# wo ist meine grafikkarte im laptop und kann ich sie wechseln



## 19master94 (15. Februar 2010)

hi alle zusammen,

ich wolte mal fragen ob einer hir weiß wo die Grafikkarte in meinem acer aspire5114wlmi liegt.

ich wolte noch wissen ob man sie wechseln kann.

danke schonmal im voraus


----------



## majorguns (15. Februar 2010)

Der Grafikchip ist fest auf der Platine verlötet und kann nicht gewechselt werden.


----------



## 19master94 (15. Februar 2010)

aber du weißt nicht wo die Grafikkarte liegt oder


----------



## NCphalon (16. Februar 2010)

es is nur ein chip, keine karte^^

EDIT: Oder? Kann sein dass die Mobility X1600Pro doch dediziert is, wüsst aber net wo die zu finden wäre.


----------



## Herbboy (16. Februar 2010)

Was für ne Karte isses denn überhaupt? und was hast Du vor?


----------



## 19master94 (16. Februar 2010)

es ist eine ati modility radoen x1600 und ich wolte es einfach nur mal wissen so just for funn


----------



## retarDeD.aNiMaL (16. Februar 2010)

bei nem laptop die grafikkarte zu tauschen ist schwierig (MXM Module - Preis, Verfügbarkeit) bis unmöglich (verlötet) - wird mal zeit für einen standard an den sich dann auch alle halten


----------



## klyer (16. Februar 2010)

majorguns schrieb:


> Der Grafikchip ist fest auf der Platine verlötet und kann nicht gewechselt werden.



nicht überall.... 
ich kann meine GF9650 wechseln....

->die onBoard Karten wie die HD4500,... kann man nicht wechseln.


----------



## 19master94 (16. Februar 2010)

weiß denn niemand wo sie liegt. aber danke für die antworten


----------



## Pixelplanet (16. Februar 2010)

wo ist liegt ist doch völlig egal

schraub das teil auf dann weißt du es


----------



## klyer (16. Februar 2010)

wenn du mal richtig zockst, ne weile lang, dann hast du am laptop gewisse wärmequellen... 

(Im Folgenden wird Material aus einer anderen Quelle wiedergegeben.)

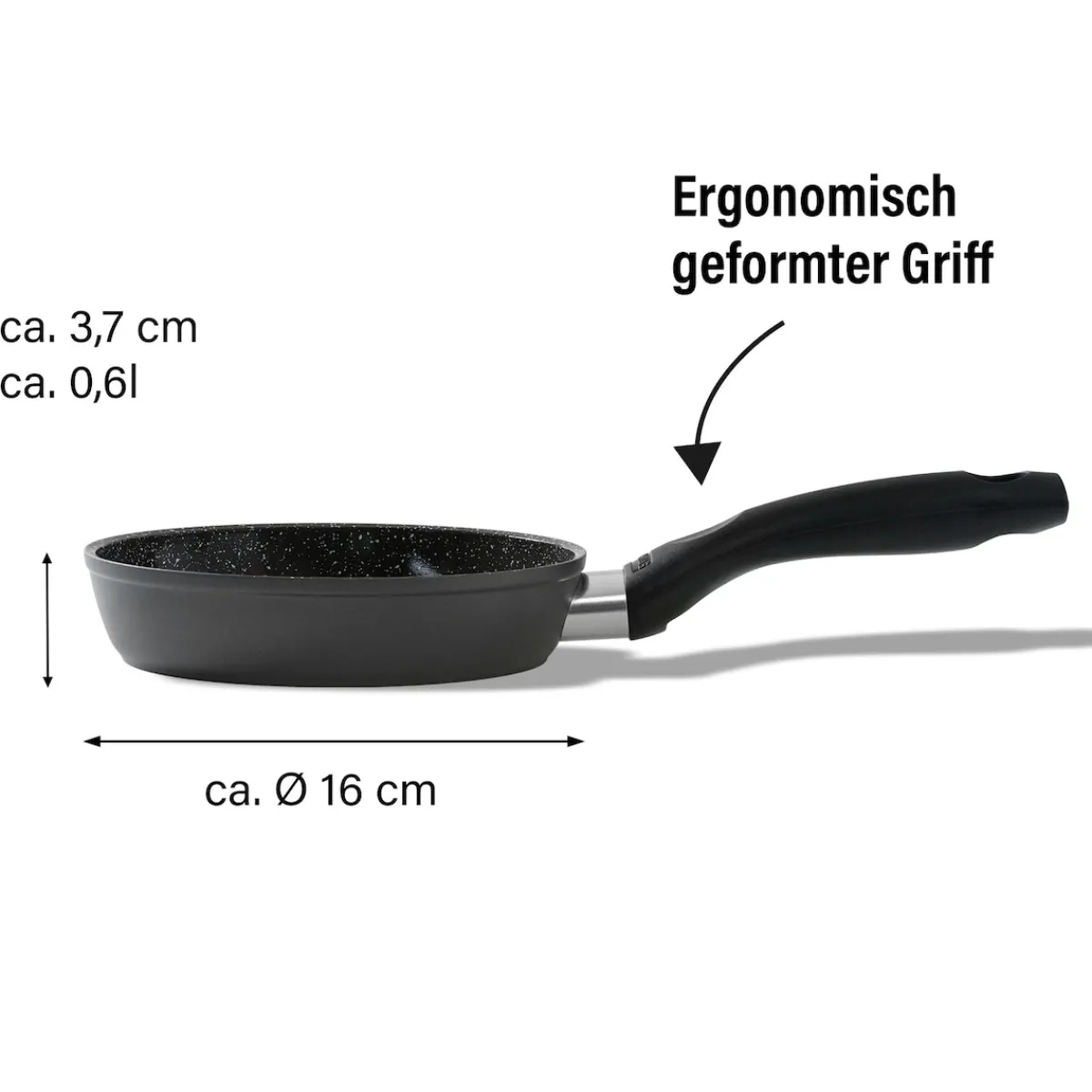 Die geniale STONELINE Beschichtung nun auch in Keramik-Ausführung!Gesundes, vitaminschonendes Kochen mit wenig FettDiese 16 cm Bratpfanne ist ein Muss in jeder Küche. Sie ist für kleinere Mengen optimal geeignet.Dank der extrem harten, langlebigen STONELINE CERAMIC Beschichtung mit Lotus Abperl-Effekt werden Sie zukünftig noch mehr Freude beim Zubereiten Ihrer Speisen haben! Hierbei spielt es keine Rolle, ob Sie auf Glaskeramik, Induktion, Elektro oder Gas kochen.1 Bratpfanne, ø ca. 16 cm, Höhe: ca. 3,7 cm, ca. 0,6 l; Induktionsboden ø ca. 13 cmDie wichtigsten Vorteile des STONELINE CERAMIC Kochgeschirrs auf einen Blick:Kratzfeste STONELINE- KeramikbeschichtungOptimales Bratergebnis und kross gebratenes FleischBester GeschmackVitaminschonend kochen und braten mit wenig Fett und ÖlKein Anbrennen und kein AnklebenSuper leicht zu reinigenFür alle Herdarten geeignet, auch InduktionExtra starker, verzugsfreier BodenBeschichtung hitzebeständig bis 450 °CZum Flambieren geeignetBodenstärke: 2,8 mmBackofengeeignet bis 180 °CMaterial: AluminiumPFAS FreiReinigungs- und Pflegetipps:Vor dem ersten Gebrauch empfehlen wir, Ihr Koch- oder Backgeschirr mit etwas Wasser und einem milden Spülmittel gründlich auszuwaschen.Verteilen Sie anschließend mit einem Papierküchentuch einige Tropfen Speiseöl auf der Beschichtung.Dank dem Easy-Clean-Effekt wird die Reinigung per Hand empfohlen. Einfach mit heißem Wasser, Handspülmittel und einem weichen Schwamm auswischen.
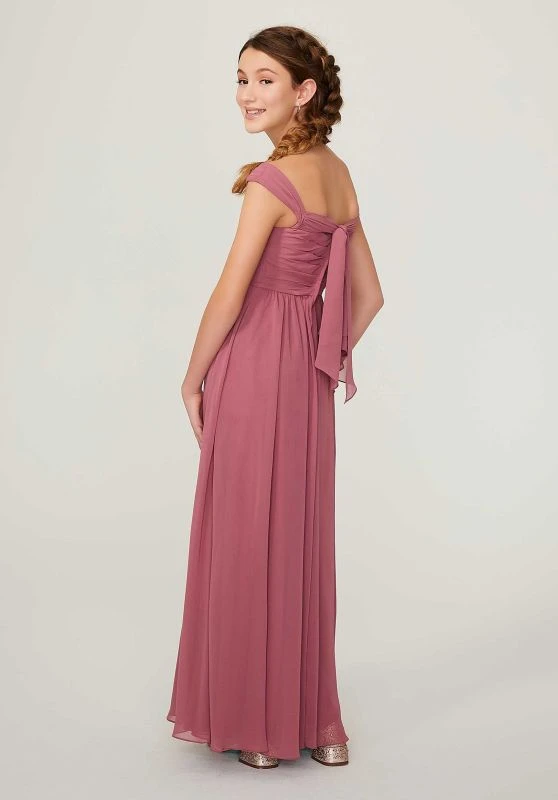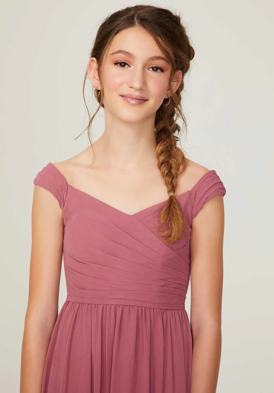 Mori Lee 13213 A-line junior bridesmaid dress is styled in luxe chiffon, featuring a draped bodice with an off-the-shoulder neckline and a tie-back accent. The seamed waist gives way to the fully gathered skirt.
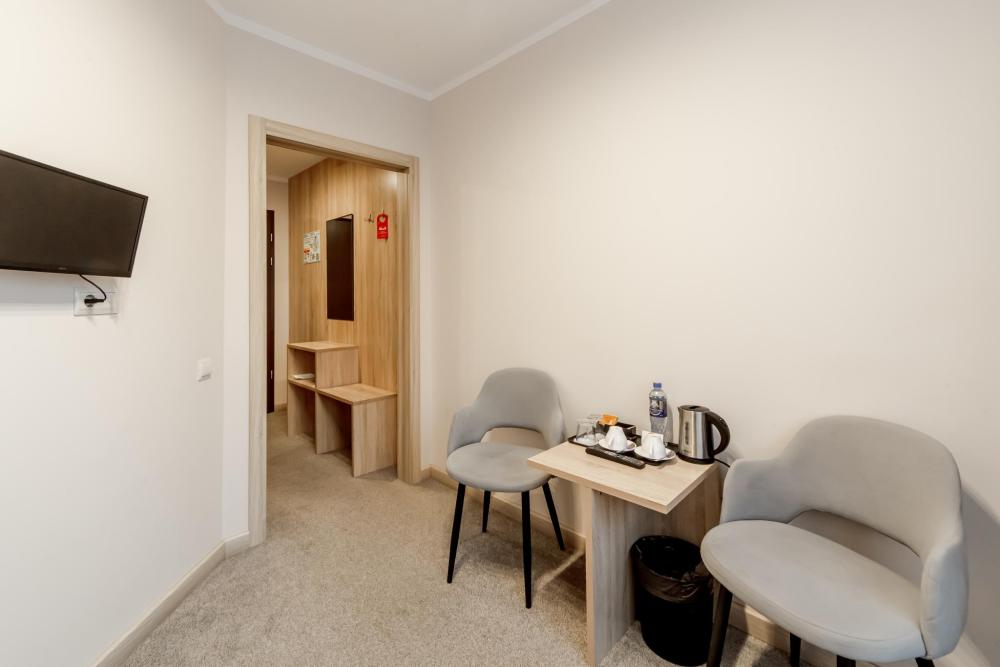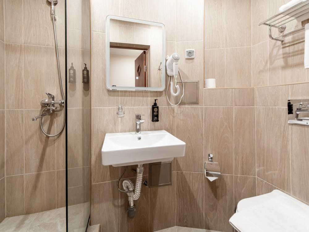 Подойдет для командировки. В номере: односпальная кровать 80*200, телевизор, мини-бар, шкаф, стол, стул/полукресло, чайные принадлежности, wi-fi. В санузле: душевая кабина, набор полотенец, фен.
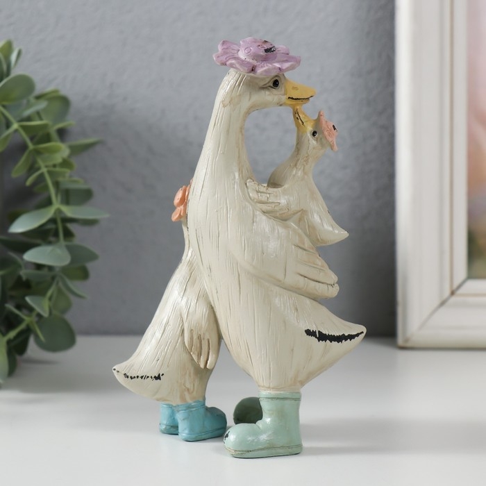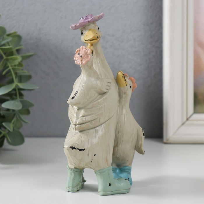 Сувенир полистоун "Гусыня с детками" 9х5,5х14,5 см
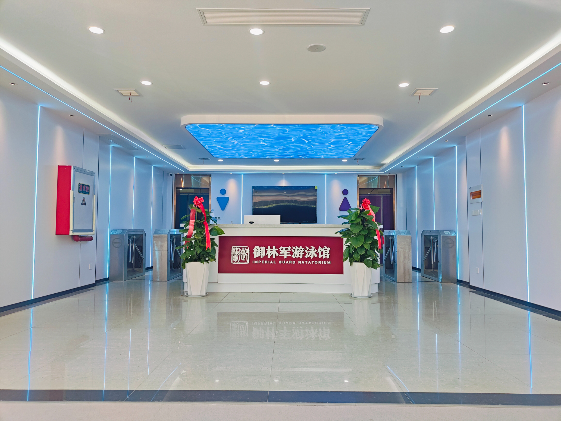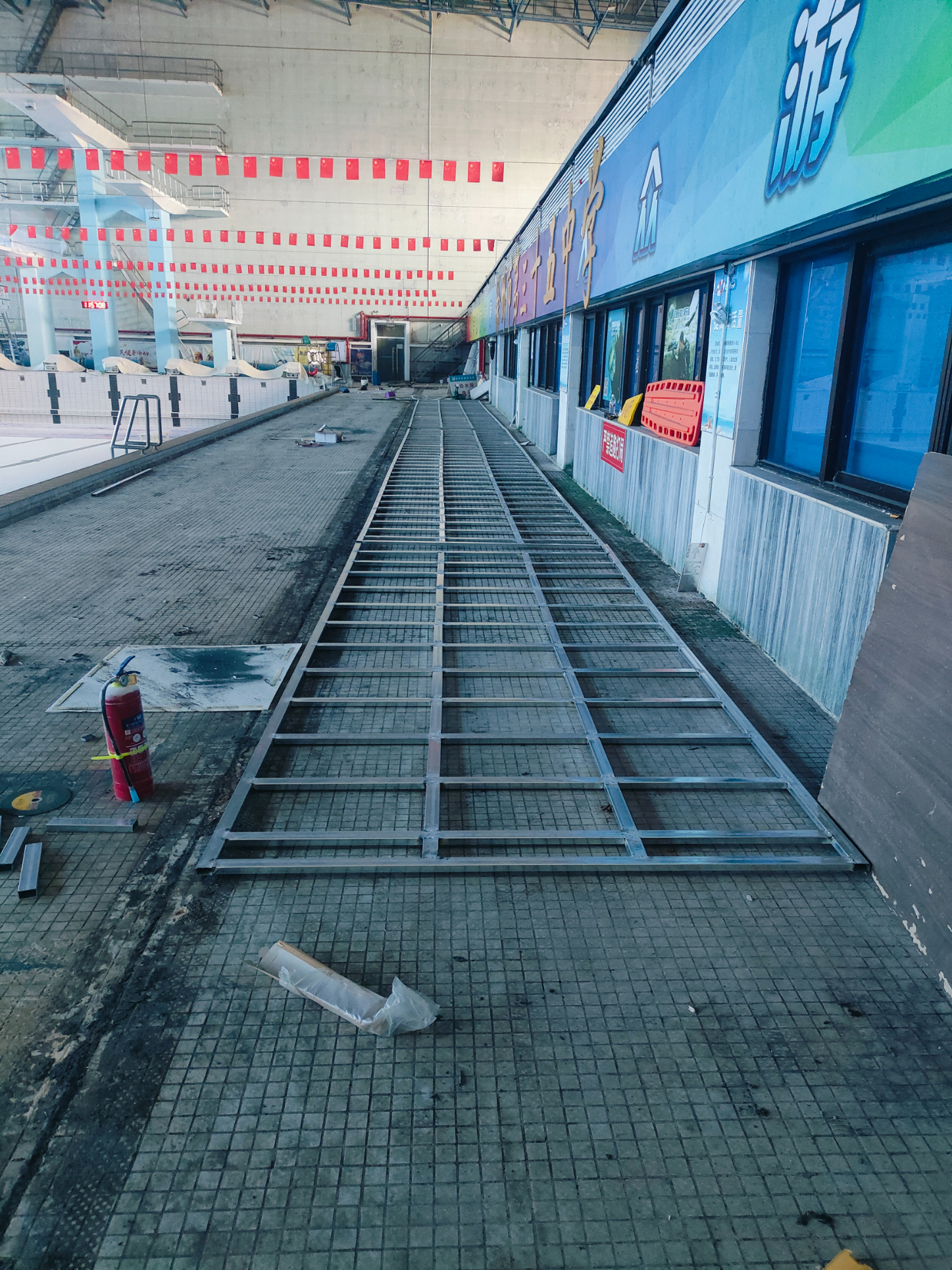 雅努思公司展陳事業部施工人員以嚴謹認真的態度對待此次裝修改造項目!在本次項目中我們對御林軍游泳館的玻璃幕墻、門頭廣告、門廳進行升級改造,男、女更衣室以及對淋浴間整體管線鋪設!原鐵路游泳館建于1995年12月距今30余年,因時間較久淋浴間設施老化已無法滿足現在人們的需求,如管道銹蝕、易積水所以我們對其整個進行管道重新鋪設并做好防水功能!

->unten links sitzt meist der cpu und dort, wo dein vga oder hdmi oder dvi ausgang ist, dort ist auch meist die grafikkarte.

->bei mir wäre das oben links, hab aber auch viele laptops gesehen, die oben rechts die grafikkarte hatten.


----------



## Herbboy (16. Februar 2010)

meistens ist da dann die Kühlung des Books deutlich anders, das Metall wird an der Stelle "breiter". Dadrunter ist entweder die CPU oder die "Karte".


----------



## 19master94 (17. Februar 2010)

also ich habs schon aufgeschraubt und uch hab 3 gleichgroße kühler


----------



## an.ONE (19. Februar 2010)

Unterstützt das Mainboard MXMII/III-Module? Dann wäre ein Tausch möglich, allerdings gegen kein wirklich schnelleres Modul -> Punkt Wärmeentwicklung.

Welche Notebook besitzt du denn?

mxm-upgrade.com ist die einzigste Quelle, Module zu erwerben. Zumindest kenne ich nur dieses Shop:

MXM Upgrade Home Page

Eine Liste gibts hier:

MXM notebooks before 3.0

Grüße.


----------